Are you using USB-C for networking between the Spark and the Mac?
The gain is only in prefill and if the task/output is complex the gain will be totally minor. So the numbers are quitly exagerated here based on a prompt that is taking less than 2s to decode. So I guess we are not here doing complex tasks with 100's or 1000 token output. For the cost of an M3 Ultra + DGX the gain seem minimal and most of all, exo didn't clarify the model used here and it's for sure not a dense model or an MoE with 1B or 2B experts otherwise the mac ultra too will suffer a lot and the layers will be bigger!
I'm confused by all the takes implying decode is more important than prefill.
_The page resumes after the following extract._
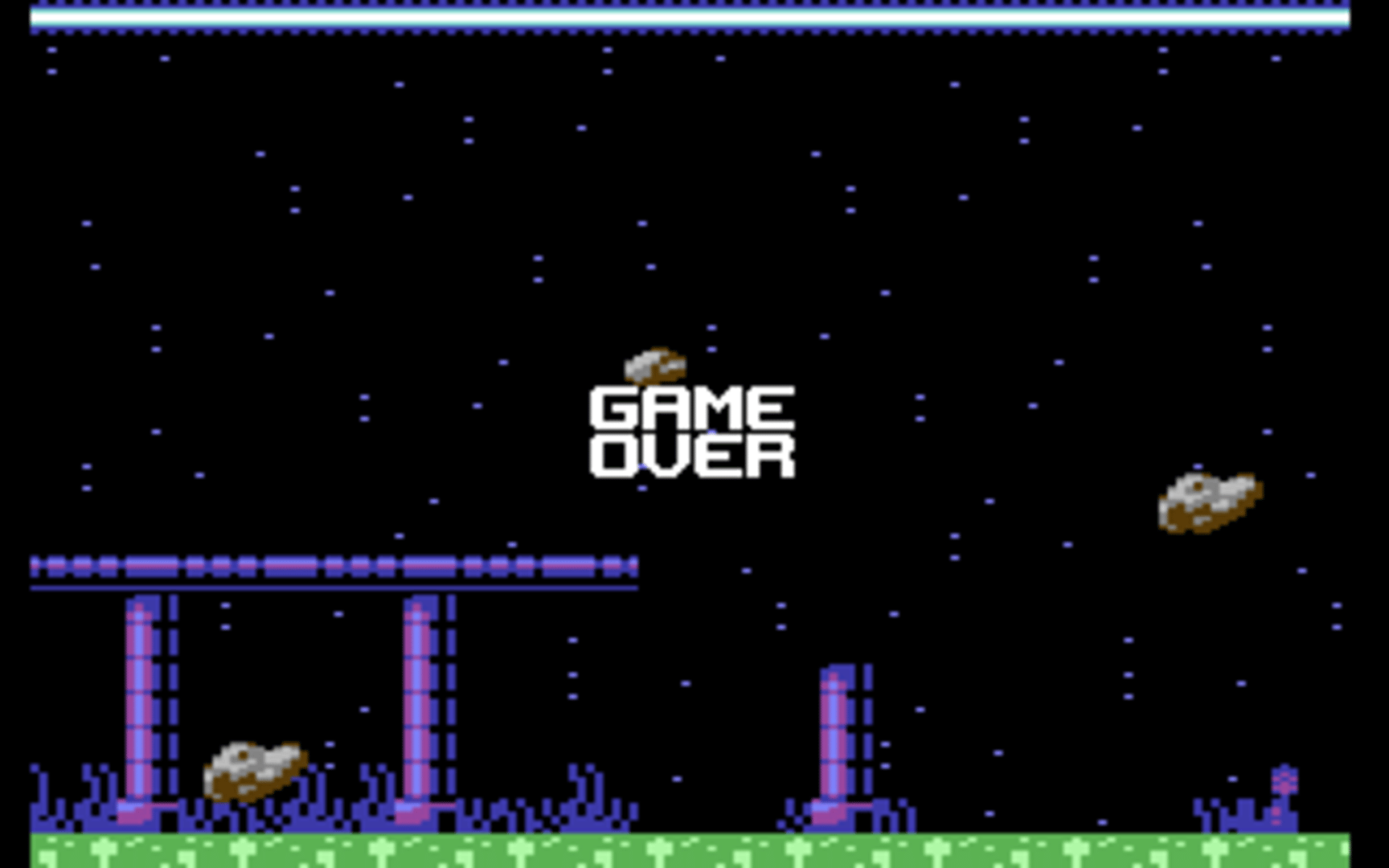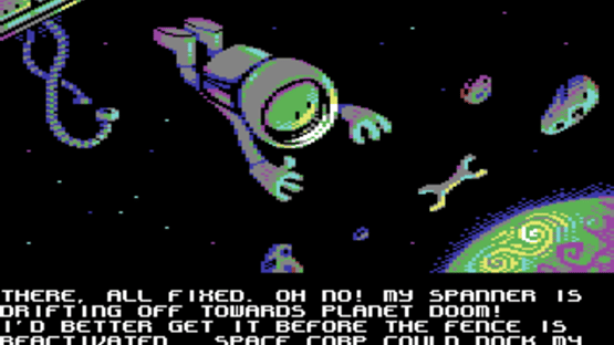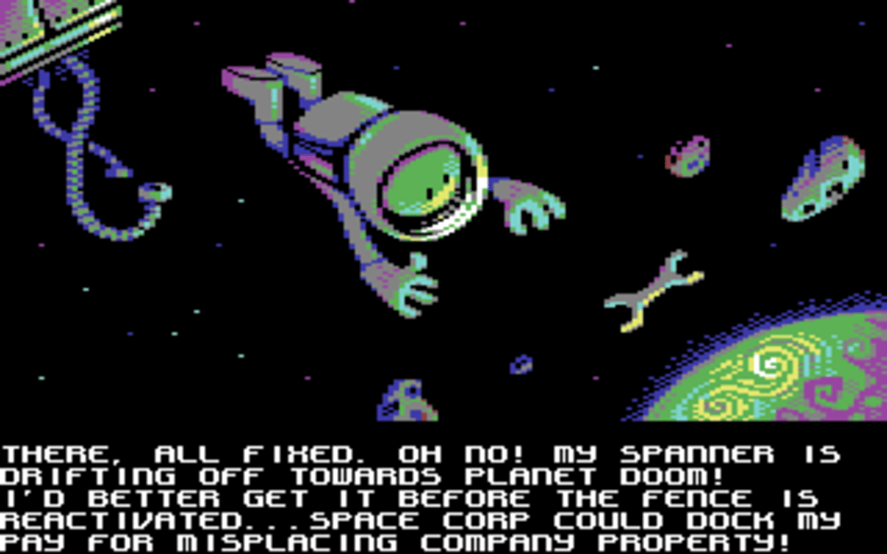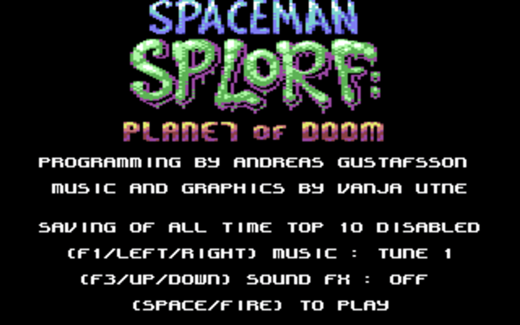 A one-button arcade game. Players guide Splorf, a sanitation engineer stranded on Planet Doom, using a jetpack to dodge asteroids and hazards while aiming for the highest score.

There are an enormous number of use cases where the prompt is large and the expected output is small.

E.g. providing data for the LLM to analyze, after which it gives a simple yes/no Boolean response. Or selecting a single enum value from a set.

This pattern seems far more valuable in practice, than the common and lazy open ended chat style implementations (lazy from a product perspective).

Obviously decode will be important for code generation or search, but that's such a small set of possible applications, and you'll probably always do better being on the latest models in the cloud.

This is really cool!

Now I'm trying to stop myself from finding an excuse to spend upwards of $30k on compute hardware...

This is a wonderful explanation of the two phases! I appreciate the hardware concerns for both now.

Reading the article I wished for a device that just does both things well and on that topic it might be noteworthy that Apple's just-released M5 has approximately 3.5x-ed TTFT performance compared to M4, according to their claims!

It’s really sad that exo went private.
Wouldn't this restrict memory to 128GB, wasting M3 Ultra potential?
But you could also just get two DGX Spark and get 2 * 1.9x = 3.8x total throughput for two query streams.
This is very nicely done. I wonder what the values will look like a year from now with M5 Macs, though.